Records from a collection
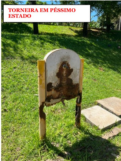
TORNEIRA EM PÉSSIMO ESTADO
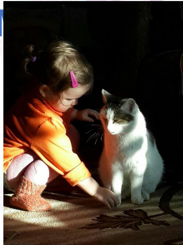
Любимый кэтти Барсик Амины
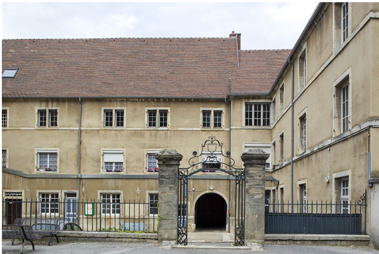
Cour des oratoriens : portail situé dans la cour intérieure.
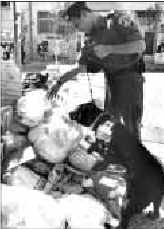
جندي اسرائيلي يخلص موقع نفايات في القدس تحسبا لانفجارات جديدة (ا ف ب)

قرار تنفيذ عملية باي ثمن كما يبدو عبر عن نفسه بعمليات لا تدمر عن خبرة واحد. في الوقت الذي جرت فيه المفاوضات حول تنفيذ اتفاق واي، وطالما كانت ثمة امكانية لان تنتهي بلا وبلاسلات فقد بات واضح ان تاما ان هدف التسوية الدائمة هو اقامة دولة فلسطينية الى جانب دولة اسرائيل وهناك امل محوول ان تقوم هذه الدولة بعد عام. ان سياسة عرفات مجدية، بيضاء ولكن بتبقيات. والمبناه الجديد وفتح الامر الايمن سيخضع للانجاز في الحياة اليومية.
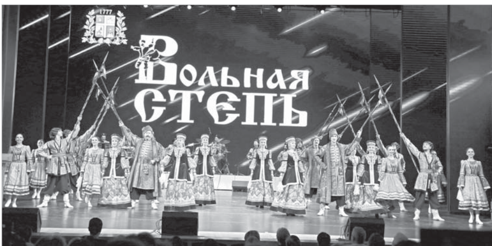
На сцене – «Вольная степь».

* [REQUIRED WORK] Working from the records above, reproduce exactly the lines from the one with "Любимый кэтти Барсик Амины" through the last line, without the pictures.

* [EXERCISE ANSWER]
Любимый кэтти Барсик Амины
Cour des oratoriens : portail situé dans la cour intérieure.
جندي اسرائيلي يخلص موقع نفايات في القدس تحسبا لانفجارات جديدة (ا ف ب)

قرار تنفيذ عملية باي ثمن كما يبدو عبر عن نفسه بعمليات لا تدمر عن خبرة واحد. في الوقت الذي جرت فيه المفاوضات حول تنفيذ اتفاق واي، وطالما كانت ثمة امكانية لان تنتهي بلا وبلاسلات فقد بات واضح ان تاما ان هدف التسوية الدائمة هو اقامة دولة فلسطينية الى جانب دولة اسرائيل وهناك امل محوول ان تقوم هذه الدولة بعد عام. ان سياسة عرفات مجدية، بيضاء ولكن بتبقيات. والمبناه الجديد وفتح الامر الايمن سيخضع للانجاز في الحياة اليومية.
На сцене – «Вольная степь».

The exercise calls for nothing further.